Speaker: Christopher Potts (Stanford University)
Title: Inducing Interpretable Causal Structures in Neural Networks
Abstract: Early symbolic NLP models were designed to leverage valuable insights about language and cognition. These insights were expressed directly in hand-designed structures, and this ensured that model behaviors were systematic and interpretable. Unfortunately, these models tended also to be brittle and specialized. By contrast, present-day models are data-driven and can flexibly acquire complex behaviors, which has opened up many new avenues. However, the trade-offs are now evident: these models often find opaque, unsystematic solutions. In this talk, I’ll report on our ongoing efforts to combine the best aspects of the old and new using techniques from causal abstraction analysis.
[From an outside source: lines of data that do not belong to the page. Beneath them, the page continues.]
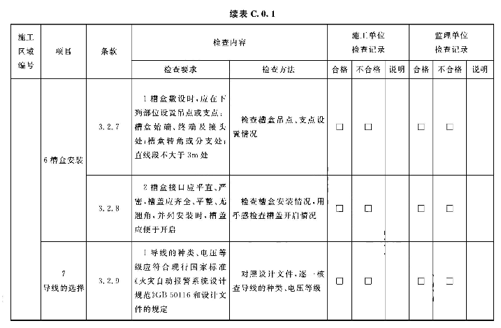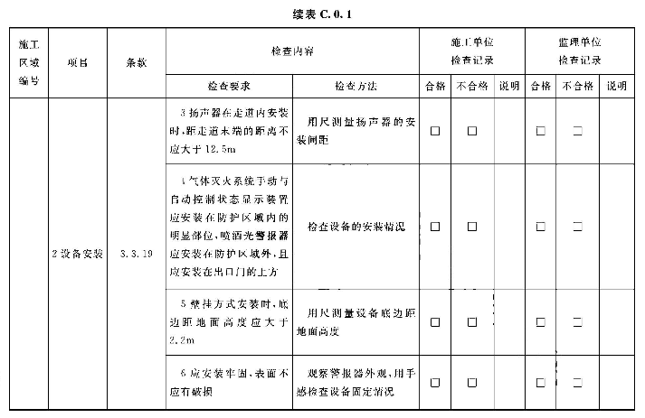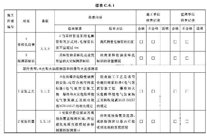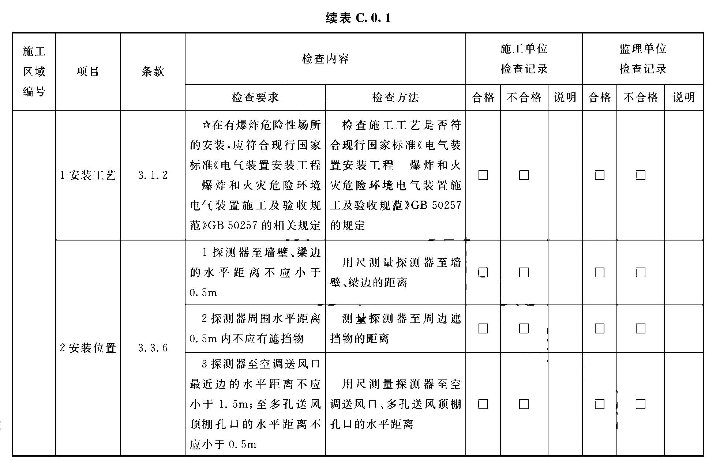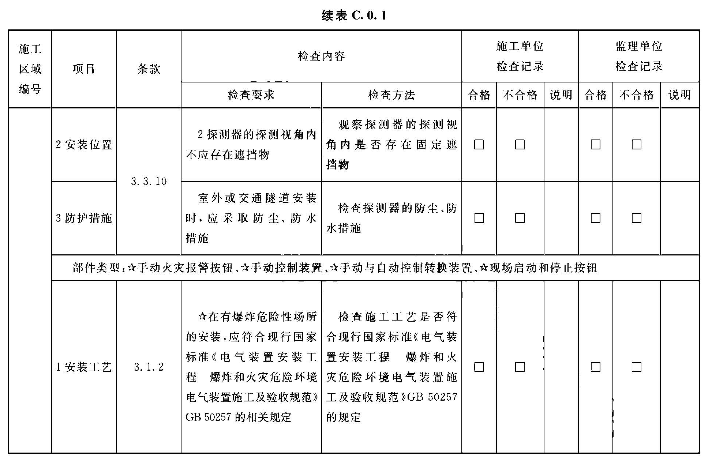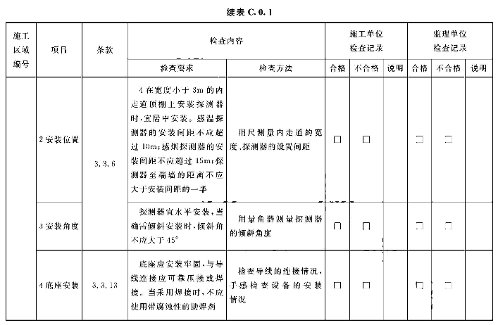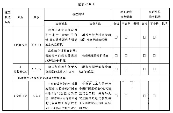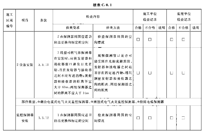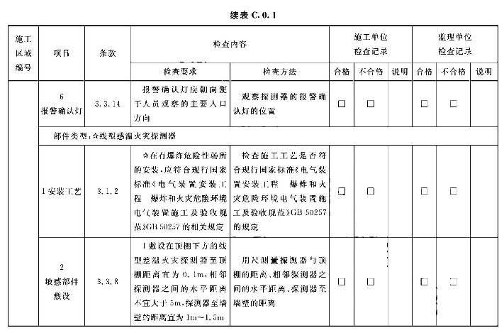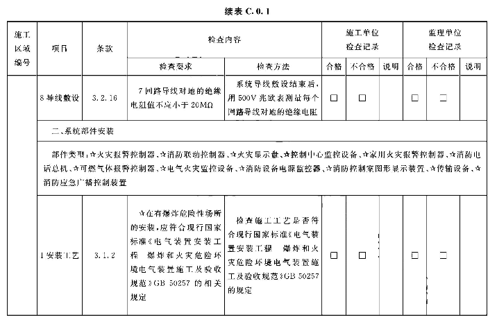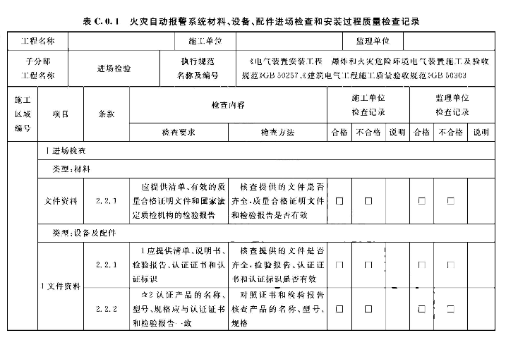 附录C 火灾自动报警系统材料、设备、配件进场检查和安装过程质量检查记录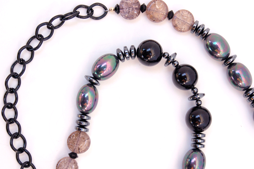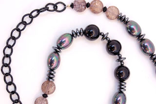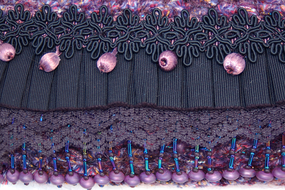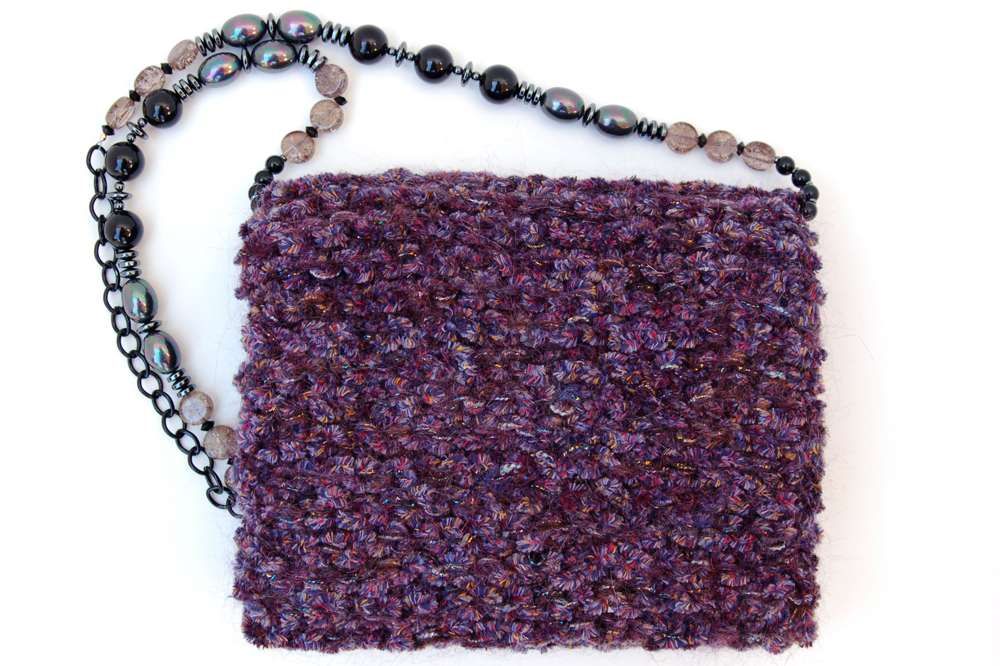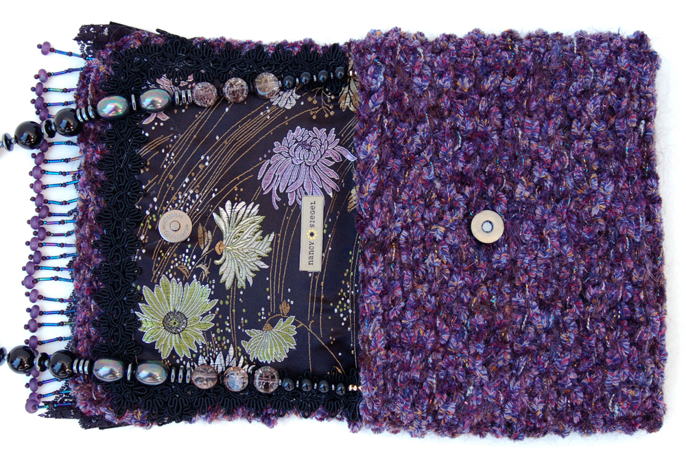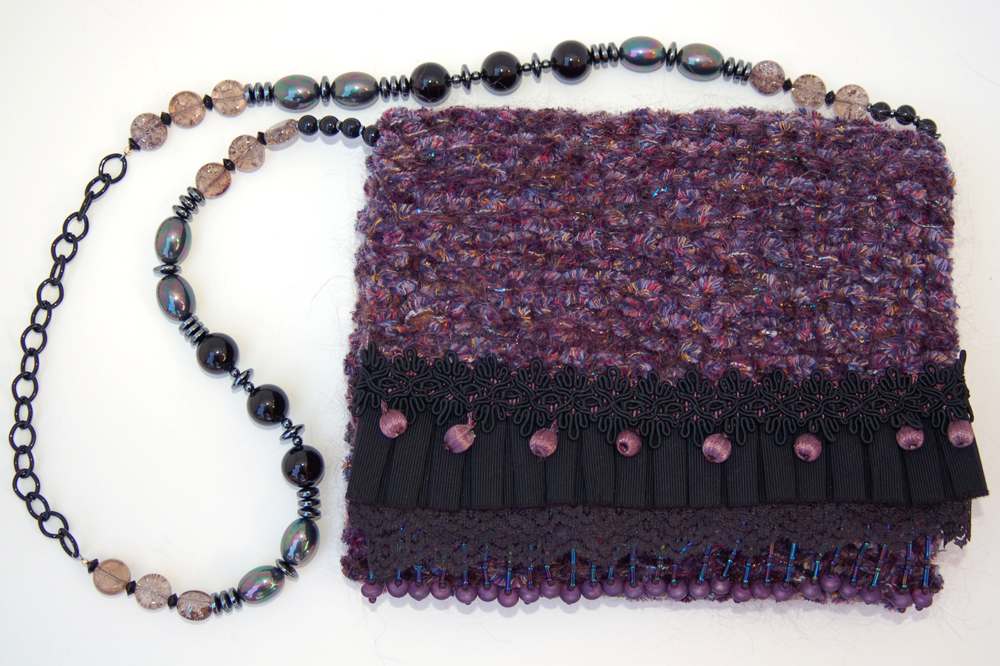 Mulberry Bauble measures 8.5"W X 8"H. In deep raspberry and black this purse is the perfect addition to a solid black outfit that asks for a beautifully rich color accent. It is created with a very soft purple chenille yarn that feels luscious to the touch. Scattered sparkles add a subtle brightness to this already gorgeous bag. The embellishment on the top flap consists of 5 different layers, starting with a row of deep, irridescent beads that dangle with a deep raspberry bead at the end. The following layer of black lace is perfectly topped with a pleated grosgrain ruffle. The addition of delicate fabric beads in deep raspberry are followed on top with a delicately feminine lace applique.The inside is lined with a perfectly selected patterned fabric that has a black background and accents of sage green and lavender.The strap is 32" long. It is comprised of a combination of black, hematite and rose glass beads. A black chain allows the purse to rest comfortably on the shoulder. In addition, the strap is removable, allowing the bag to be carried as a clutch. |
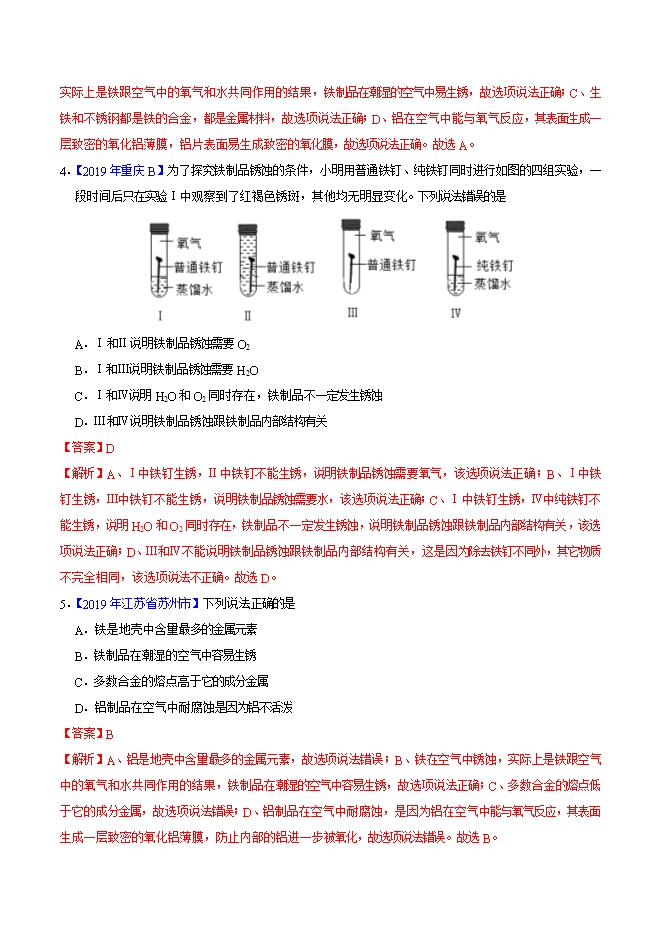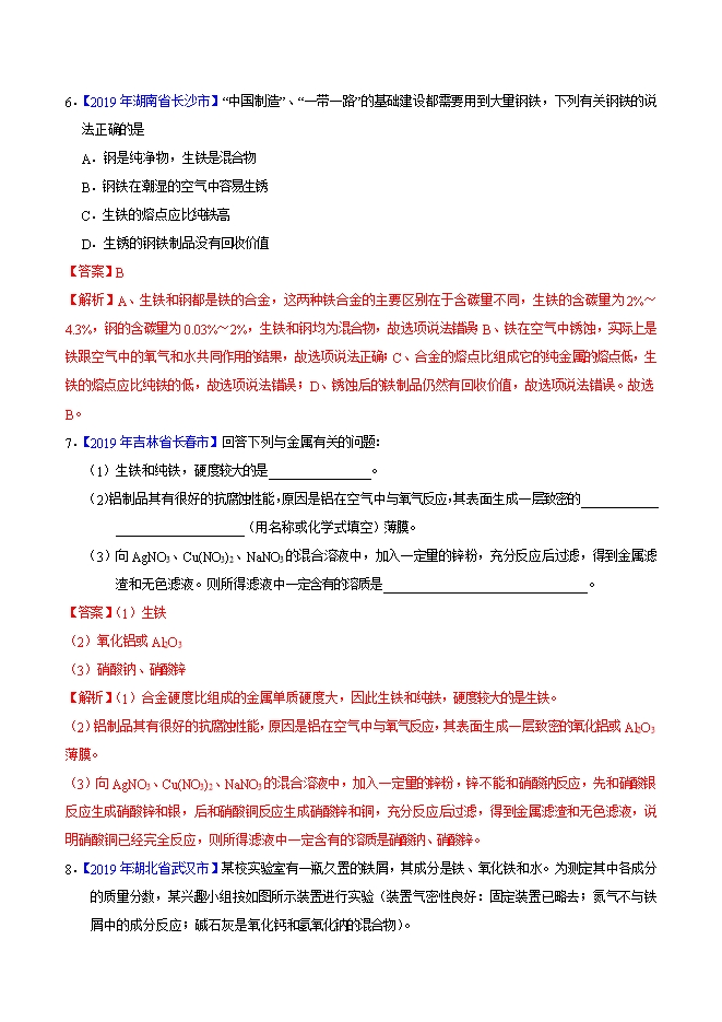 2019年中考真题化学试题汇编专题15 金属材料 (解析版)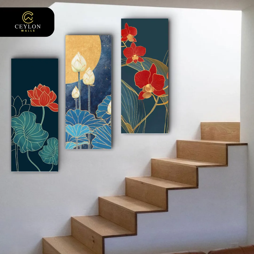 Add a touch of Zen elegance with this Midnight Blue Lotus set. The rich blue tones and traditional floral art style bring sophistication to any space. A timeless choice in our wall arts collection.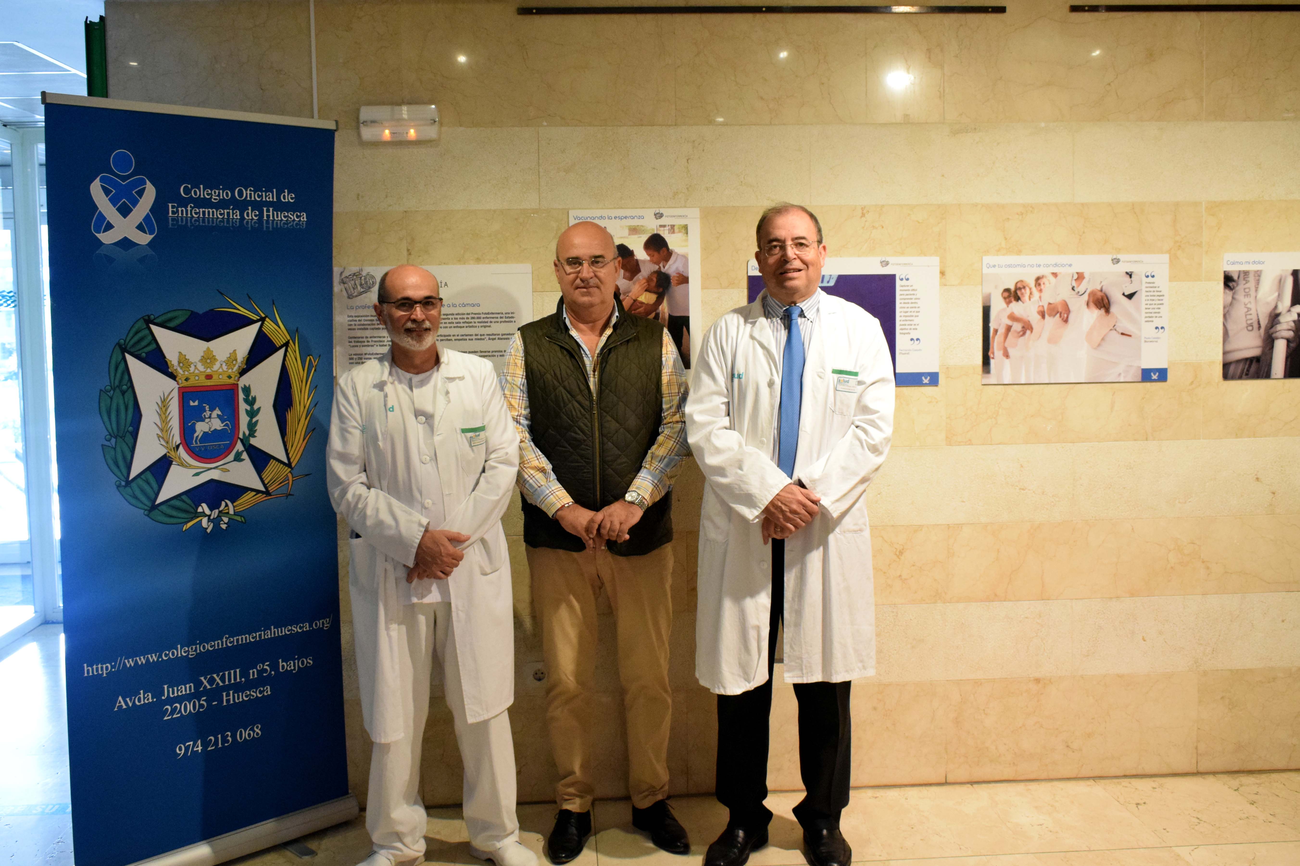 El director de Enfermería, Amalio Bermejo, el presidente del Colegio de Enfermería, Juan Carlos Galindo, y el Gerente del sector sanitario Huesca, José Ignacio Castaño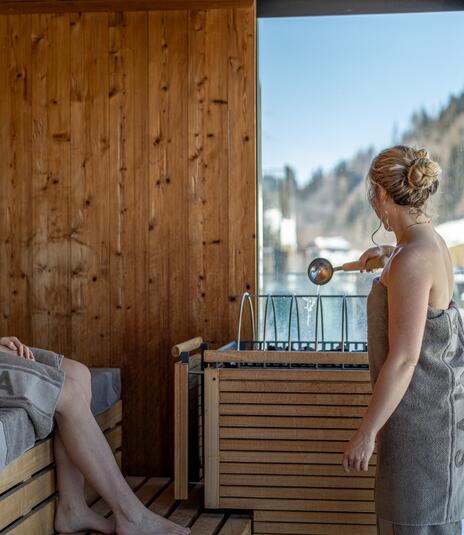 - Zwei große Panoramasaunen: 60 °C und 90 °C

In this method, we define high-level causal models, usually in symbolic terms, and then train neural networks to conform to the structure of those models while also learning specific tasks. The central technical piece is interchange intervention training (IIT), in which we swap internal representations in the target neural model in a way that is guided by the input–output behavior of the causal model. Where the IIT objective is minimized, the high-level model is an interpretable, faithful proxy for the underlying neural model. My talk will focus on how and why IIT works, since I am hoping this will help people identify new application areas for it, and I will also briefly review case studies applying IIT to natural language inference, grounded language understanding, and language model distillation.